Data provided:
= = = = = = =
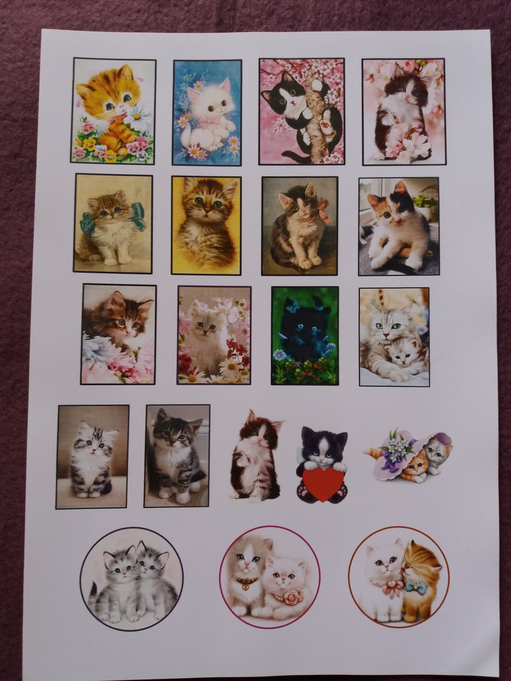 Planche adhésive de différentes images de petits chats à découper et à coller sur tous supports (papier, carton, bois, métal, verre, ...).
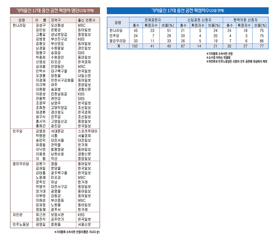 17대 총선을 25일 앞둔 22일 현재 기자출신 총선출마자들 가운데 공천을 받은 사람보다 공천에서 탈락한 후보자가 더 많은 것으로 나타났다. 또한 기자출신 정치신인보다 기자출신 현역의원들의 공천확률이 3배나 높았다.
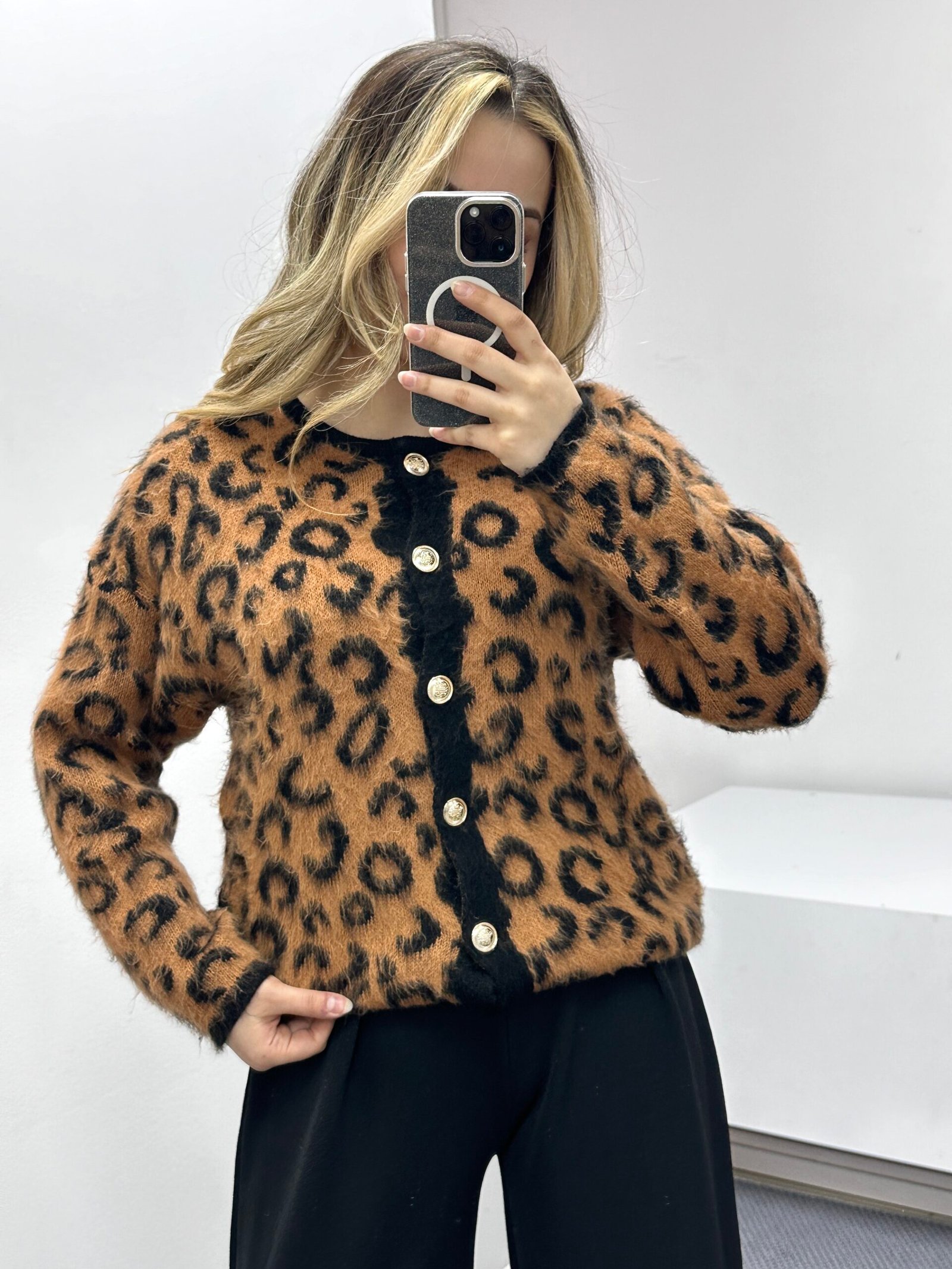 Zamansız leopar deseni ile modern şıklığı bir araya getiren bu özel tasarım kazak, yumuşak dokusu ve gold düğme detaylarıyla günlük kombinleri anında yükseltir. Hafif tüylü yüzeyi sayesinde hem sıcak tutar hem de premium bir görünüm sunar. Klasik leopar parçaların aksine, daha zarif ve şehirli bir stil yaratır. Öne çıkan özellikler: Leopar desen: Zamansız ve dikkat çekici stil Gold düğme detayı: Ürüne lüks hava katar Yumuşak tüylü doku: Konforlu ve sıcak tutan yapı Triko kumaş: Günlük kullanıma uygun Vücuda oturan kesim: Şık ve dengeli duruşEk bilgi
= = = = = = =
Activity:
Could you output the entire listing verbatim while omitting its pictures?

Your response:
 Planche adhésive de différentes images de petits chats à découper et à coller sur tous supports (papier, carton, bois, métal, verre, ...).
 17대 총선을 25일 앞둔 22일 현재 기자출신 총선출마자들 가운데 공천을 받은 사람보다 공천에서 탈락한 후보자가 더 많은 것으로 나타났다. 또한 기자출신 정치신인보다 기자출신 현역의원들의 공천확률이 3배나 높았다.
 Zamansız leopar deseni ile modern şıklığı bir araya getiren bu özel tasarım kazak, yumuşak dokusu ve gold düğme detaylarıyla günlük kombinleri anında yükseltir. Hafif tüylü yüzeyi sayesinde hem sıcak tutar hem de premium bir görünüm sunar. Klasik leopar parçaların aksine, daha zarif ve şehirli bir stil yaratır. Öne çıkan özellikler: Leopar desen: Zamansız ve dikkat çekici stil Gold düğme detayı: Ürüne lüks hava katar Yumuşak tüylü doku: Konforlu ve sıcak tutan yapı Triko kumaş: Günlük kullanıma uygun Vücuda oturan kesim: Şık ve dengeli duruşEk bilgi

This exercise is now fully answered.